The run command looks long but isn't that complicated (like most java programs):
module load picard java -Xmx4g -Djava.io.tmpdir=/tmp -jar $TACC_PICARD_DIR/CalculateHsMetrics.jar BI=target_intervals.chr20.reduced.withhead.intervallist TI=target_intervals.chr20.reduced.withhead.intervallist I=NA12878.chrom20.ILLUMINA.bwa.CEU.exome.20111114.bam R=hs37d5.fa O=exome.picard.stats PER_TARGET_COVERAGE=exome.pertarget.stats
The aggregate capture data is in exome.picard.stats, but it's format isn't very nice; here's a linux one-liner to reformat the two useful lines (one is the header, the other is the data) into columns, along with the resutl:
grep -A 1 '^BAIT' exome.picard.stats | awk 'BEGIN {FS="\t"} {for (i=1;i<=NF;i++) {a[NR"_"i]=$i}} END {for (i=1;i<=NF;i++) {print a[1"_"i]"\t"a[2"_"i]}}' ## below here is the output of the above command, do not paste this into the command line BAIT_SET target_intervals GENOME_SIZE 3137454505 BAIT_TERRITORY 1843371 TARGET_TERRITORY 1843371 BAIT_DESIGN_EFFICIENCY 1 TOTAL_READS 4579959 PF_READS 4579959 PF_UNIQUE_READS 4208881 PCT_PF_READS 1 PCT_PF_UQ_READS 0.918978 PF_UQ_READS_ALIGNED 4114249 PCT_PF_UQ_READS_ALIGNED 0.977516 PF_UQ_BASES_ALIGNED 283708397 ON_BAIT_BASES 85464280 NEAR_BAIT_BASES 49788346 OFF_BAIT_BASES 148455771 ON_TARGET_BASES 85464280 PCT_SELECTED_BASES 0.476731 PCT_OFF_BAIT 0.523269 ON_BAIT_VS_SELECTED 0.631886 MEAN_BAIT_COVERAGE 46.363038 MEAN_TARGET_COVERAGE 46.76568 PCT_USABLE_BASES_ON_BAIT 0.245533 PCT_USABLE_BASES_ON_TARGET 0.245533 FOLD_ENRICHMENT 512.716312 ZERO_CVG_TARGETS_PCT 0.009438 FOLD_80_BASE_PENALTY 23.38284 PCT_TARGET_BASES_2X 0.849372 PCT_TARGET_BASES_10X 0.484824 PCT_TARGET_BASES_20X 0.435911 PCT_TARGET_BASES_30X 0.401622 PCT_TARGET_BASES_40X 0.36876 PCT_TARGET_BASES_50X 0.335459 PCT_TARGET_BASES_100X 0.173683 HS_LIBRARY_SIZE 5325189 HS_PENALTY_10X 232.05224 HS_PENALTY_20X -1 HS_PENALTY_30X -1 HS_PENALTY_40X -1 HS_PENALTY_50X -1 HS_PENALTY_100X -1 AT_DROPOUT 2.143632 GC_DROPOUT 10.000011 SAMPLE LIBRARY READ_GROUP
If you have multiple files you could redirect this to a file and then repetitively using linux "join" or use "paste" with some more awk to select columns.

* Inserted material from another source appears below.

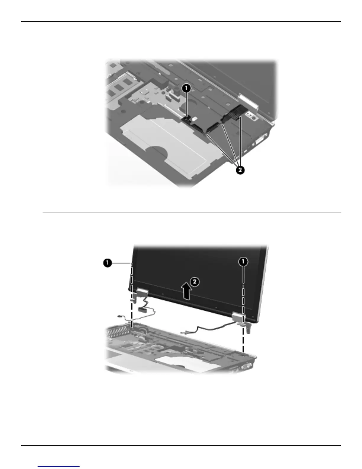 10. Remove the wireless antenna cables from the clips 2 and routing channel built into the top cover.

Since I don't actually know what capture kit was used to produce these libraries, these may or may not accurately reflect how well the library prep went, but generally speaking having >40x average coverage on your baits (the target regions) is good! A lot of sequence (52.3%) was "off bait".